Minibus Drives Savings
On November 18, 2011, President Obama signed the “minibus” appropriations legislation, which contained three fiscal year (FY) appropriations bills: the Department of Agriculture, Rural Development, Food and Drug Administration, and Related Agencies; Commerce, Justice, Science and Related Agencies; and Transportation, Housing and Urban Development, and Related Agencies. According to a November 17, 2011 press release by House Speaker John Boehner (R-Ohio), the legislation decreases spending in these appropriations bills by $7 billion from fiscal year (FY) 2011, and comes in at $98 billion below the president’s budget request.
The minibus eliminated 20 programs, saving taxpayers more than $450 million. One good example was the Department of Justice’s (DOJ) National Drug Intelligence Center (NDIC), whose mission has been called duplicative and vague since its inception. The NDIC was first funded in 1993, when the late Rep. John Murtha (D-Pa.) inserted an earmark into a defense authorization bill, and told DOJ to put it in his congressional district. A 1993 Government Accountability Office (GAO) report warned that “law enforcement officials … have questioned the NDIC’s management structure while some are unclear on its mission.” In 2005, a U.S. News & World Report article quoted Drug Enforcement Agency agent Jim Milford saying, “The bottom line was that we had to actually search for a mission.” In its 18 years of operation, the NDIC has been the subject of scandal surrounding employees’ frivolous travel expenses and has been under the knife for budget cuts several times, only to wriggle free through the use of earmarks. President George W. Bush recommended its termination in his budgets for FYs 2006, 2007, and 2008, while President Obama’s FY 2012 budget called for a $19 million reduction in funding for the NDIC.

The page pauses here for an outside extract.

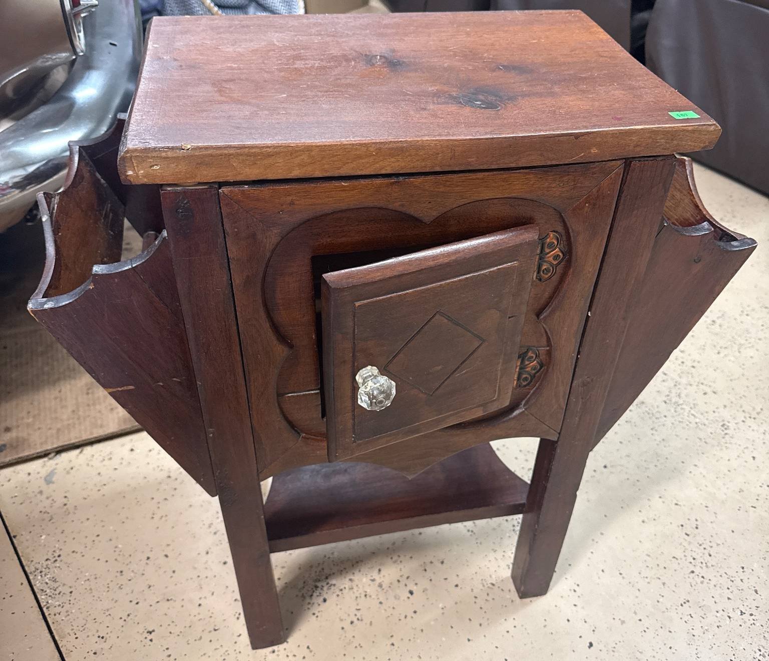 107 Carved Side Table with Hinged Door and Side Compartments, 27”x27”x12”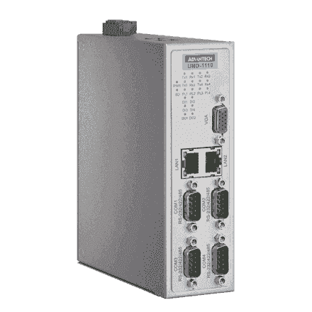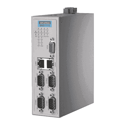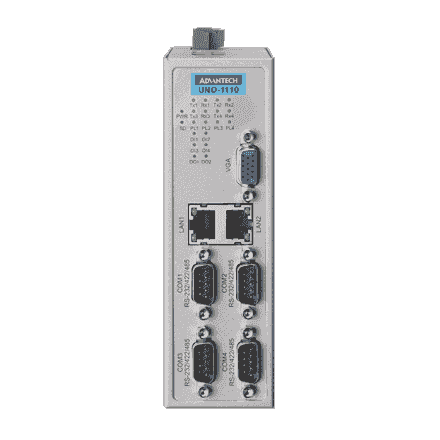UNO-1110-R11AE PC industriel fanless à processeur TI Cortex A8, 256MB DDR2, VGA, WinCE 6.0 4 x RS-232/422/485, 1 x RS-485 2 X 10/100 Mbps et 2 x slots SD card Windows® CE 6.0 Ready et en option support uClinux Option Rail-Din et montage mural Sans ventilation et s

Funding was also eliminated for the National Institute of Standards and Technology’s Technology Innovation Program (TIP). Formerly known as the Advanced Technology Program, TIP’s mission was to support innovation in high-risk, high-reward projects that the private sector is unlikely to undertake on its own. TIP-subsidized firms attempted to “commercialize” completed research and create marketable products. Supporters of government-subsidized research and development often argue that private firms lack proper incentives to engage in long-term projects. However, TIP did more to reproduce existing private sector research and development than it did to address the private sector’s shortcomings. A 2005 GAO report found that 68 percent of TIP’s projects “addressed research goals that were similar to those already funded by the private sector.” To make matters worse, TIP has funded highly profitable firms like IBM, Motorola, and 3M. In other words, the TIP was corporate welfare dressed up as a way to alleviate “market failure.”
The budgets for several wasteful programs were reduced, including the National Endowment for the Humanities (NEH) and the National Endowment for the Arts (NEA). Created in 1965, the NEA and NEH exemplify how the government dabbles in fields that should be entirely free from intervention. Getting NEH and NEA on the chopping block has proven difficult because interest groups and their political allies have fought for every drop of funding. For example, Senate Majority Leader Harry Reid (D-Nev.) helped defeat H.R. 1, the Full-Year CR for Fiscal Year 2011, which, among other spending reductions, defunded the NEH and the NEA. On March 8, 2011, Sen. Reid described the proposed termination in a Senate floor speech as “mean-spirited,” stating that were it not for the NEH’s federal money, the Cowboy Poetry Festival and “the tens of thousands of people who come there every year, would not exist.” This earned Sen. Reid Citizens Against Government Waste’s (CAGW) “Porker of the Month” in March 2011.
While CAGW would prefer that the NEA and NEH were completely eliminated, the decrease in funding levels contained in the minibus represents a step in the right direction. Taxpayers should be encouraged that other programs, such as the NDIC and TIP, were eliminated altogether. CAGW has been advocating for smaller government for years. Members of Congress may finally be paying attention, although more spending could have been cut from the minibus. Stiffer tests await in the nine appropriations bills that have yet to be passed, including the goliath Department of Defense appropriations bill.